A striking and extremely rare half female, half male bird has been spotted by a University of Otago zoologist.
Sesquicentennial Distinguished Professor Hamish Spencer was holidaying in Colombia when an amateur ornithologist John Murillo pointed out a wild Green Honeycreeper with distinct half green, or female, and half blue, male, plumage.
"Many birdwatchers could go their whole lives and not see a bilateral gynandromorph in any species of bird. The phenomenon is extremely rare in birds, I know of no examples from New Zealand ever.
"It is very striking, I was very privileged to see it," Professor Spencer says.
Photographs of the bird make the discovery even more significant as they are "arguably the best of a wild bilateral gynandromorphic bird of any species ever".
A report on the find, only the second recorded example of gynandromorphism in the species in more than 100 years, has just been published in the Journal of Field Ornithology.
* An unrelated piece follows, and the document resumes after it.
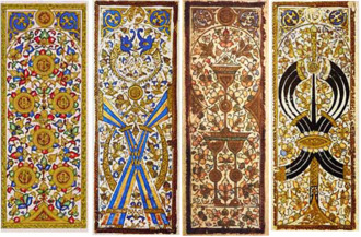Export of these cards (from Cairo, Alexandria, and Damascus), ceased after the fall of the Mamluks in the 16th century.[37] The rules to play these games are lost but they are believed to be plain trick games without trumps.[38]
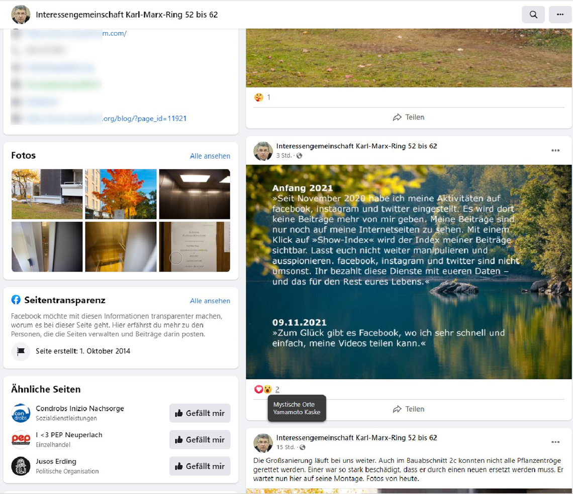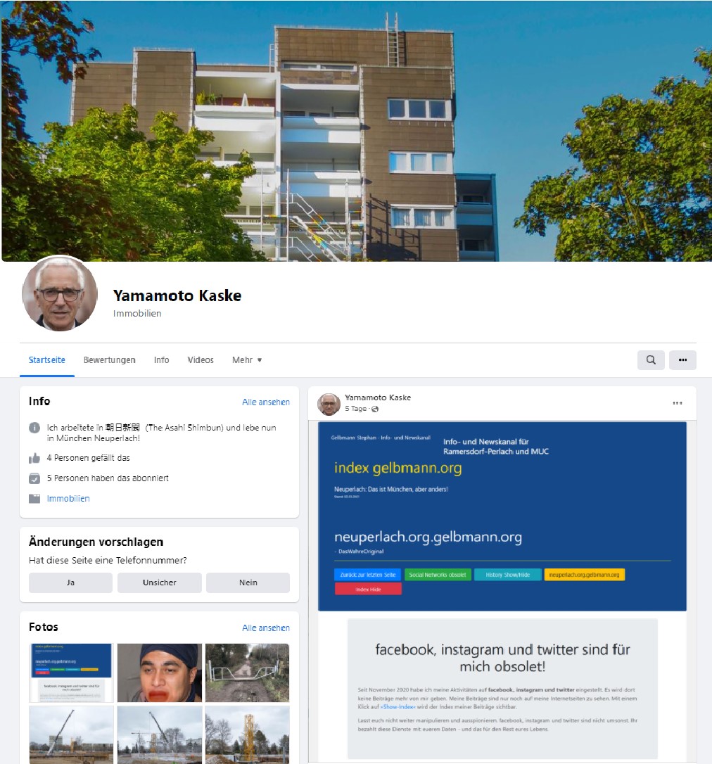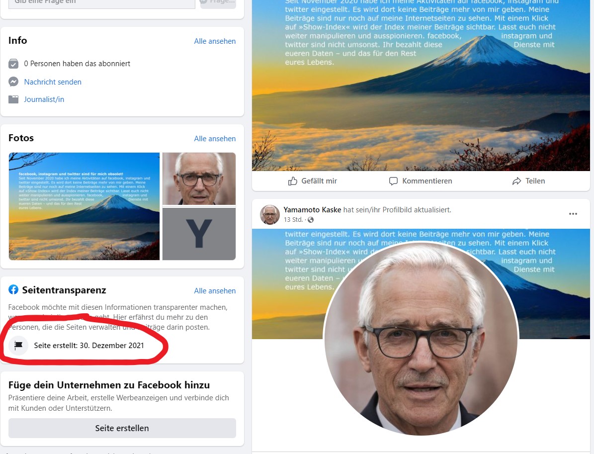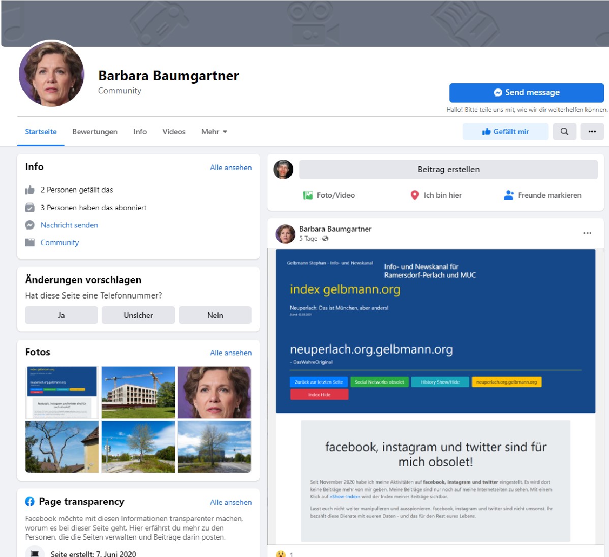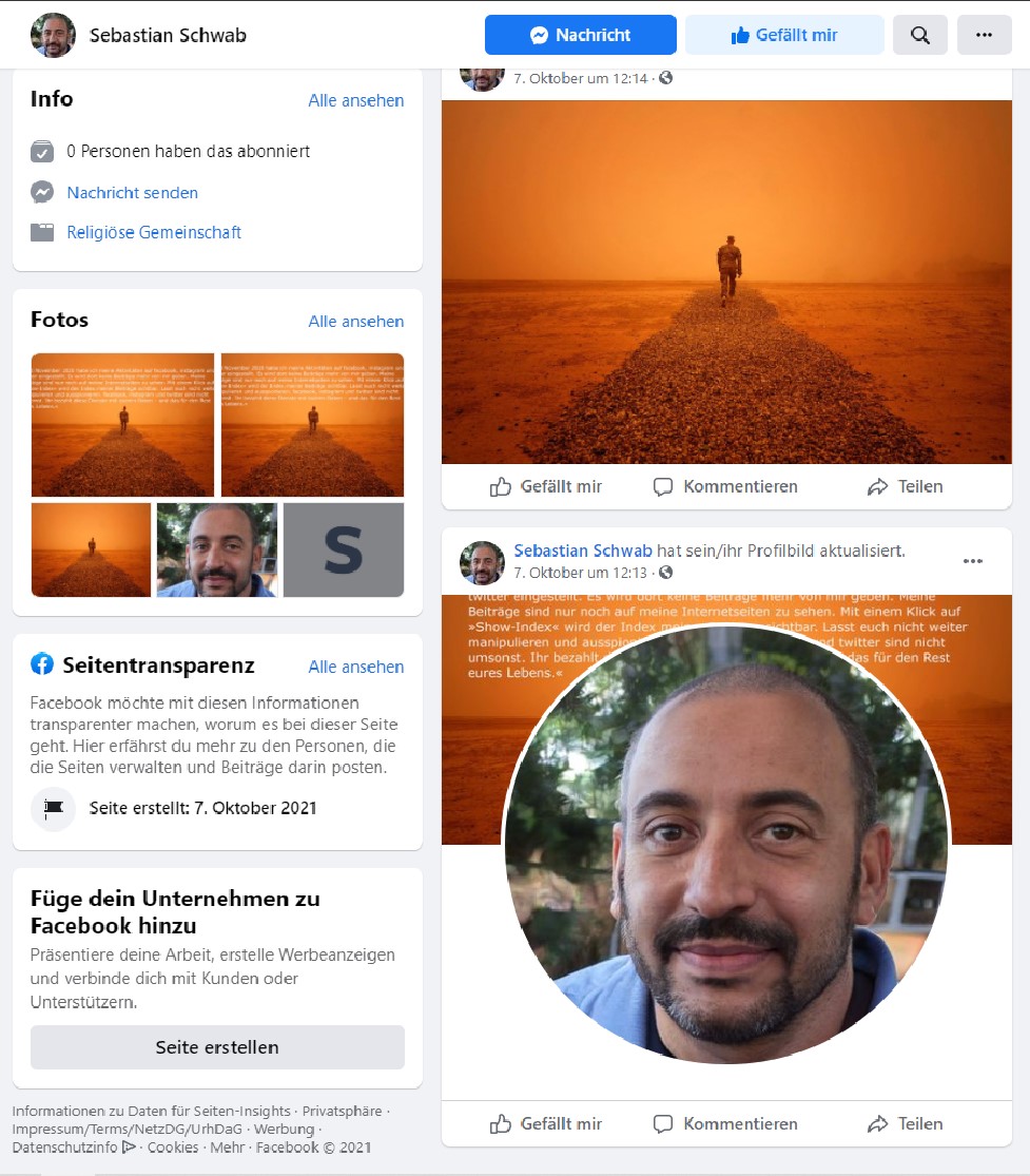 „Seit November 2020 habe ich meine Aktivitäten auf facebook, instagram und twitter eingestellt. Es wird dort keine Beiträge mehr von mir geben. Meine Beiträge sind nur noch auf meine Internetseiten zu sehen. Mit einem Klick auf »Show-Index« wird der Index meiner Beiträge sichtbar. Lasst euch nicht weiter manipulieren und ausspionieren. facebook, instagram und twitter sind nicht umsonst. Ihr bezahlt diese Dienste mit eueren Daten - und das für den Rest eures Lebens.“

Professor Spencer says gynandromorphs – animals with both male and female characteristics in a species that usually have separate sexes – are important for our understanding of sex determination and sexual behaviour in birds.
The main groups in which the phenomenon has been recorded include animal species which feature strong sexual dimorphism; most often insects, especially butterflies, crustaceans, spiders, even lizards and rodents.
"This particular example of bilateral gynandromorphy – male one side and female the other – shows that, as in several other species, either side of the bird can be male or female.
"The phenomenon arises from an error during female cell division to produce an egg, followed by double-fertilization by two sperm," he explains.
He hopes the novel discovery will inspire people to "treasure exceptions" as they always reveal something interesting.
"Be always on the lookout for oddities – who will find the first New Zealand example of a bilateral gynandromorph in a bird?"